> Assignment
Only the lines below from the one that holds "The plug-in New" through the one that holds "Dans le cadre" should appear in the answer, copied exactly, end lines included and pictures omitted.
====== Records provided
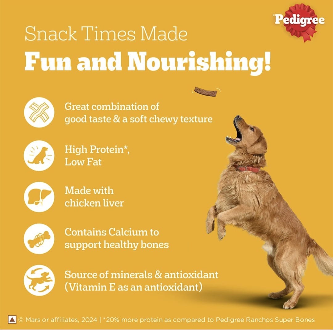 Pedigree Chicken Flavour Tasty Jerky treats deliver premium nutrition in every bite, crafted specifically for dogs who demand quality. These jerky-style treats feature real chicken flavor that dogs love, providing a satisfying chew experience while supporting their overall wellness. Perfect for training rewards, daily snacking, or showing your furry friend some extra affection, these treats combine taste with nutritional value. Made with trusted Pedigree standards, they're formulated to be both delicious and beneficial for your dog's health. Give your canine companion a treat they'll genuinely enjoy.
============
====== Records provided
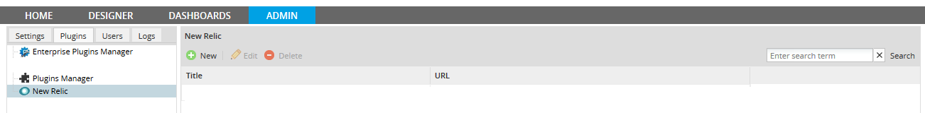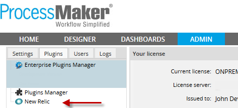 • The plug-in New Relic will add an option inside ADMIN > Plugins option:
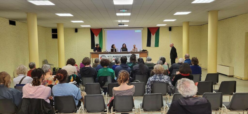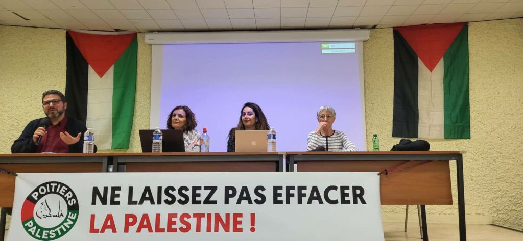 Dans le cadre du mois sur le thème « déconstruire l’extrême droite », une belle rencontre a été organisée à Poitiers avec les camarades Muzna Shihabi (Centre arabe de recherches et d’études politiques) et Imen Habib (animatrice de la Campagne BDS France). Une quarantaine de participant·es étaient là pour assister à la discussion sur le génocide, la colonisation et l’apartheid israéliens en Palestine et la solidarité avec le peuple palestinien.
============
====== Records provided
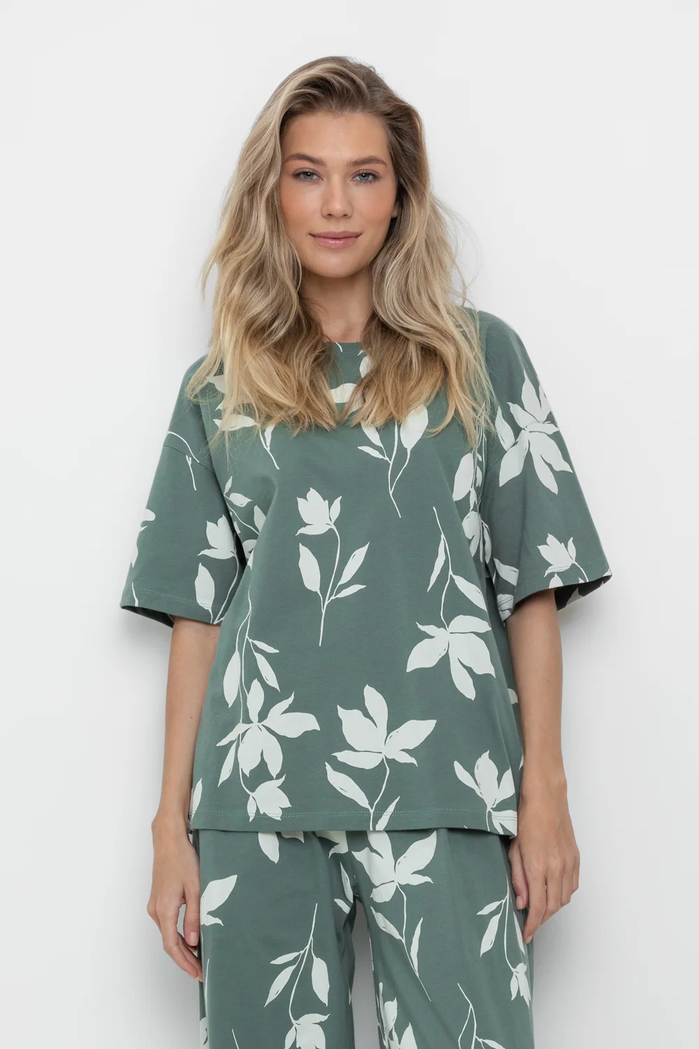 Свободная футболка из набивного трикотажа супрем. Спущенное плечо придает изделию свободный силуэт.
============
> Solution for this exercise
 • The plug-in New Relic will add an option inside ADMIN > Plugins option:
 Dans le cadre du mois sur le thème « déconstruire l’extrême droite », une belle rencontre a été organisée à Poitiers avec les camarades Muzna Shihabi (Centre arabe de recherches et d’études politiques) et Imen Habib (animatrice de la Campagne BDS France). Une quarantaine de participant·es étaient là pour assister à la discussion sur le génocide, la colonisation et l’apartheid israéliens en Palestine et la solidarité avec le peuple palestinien.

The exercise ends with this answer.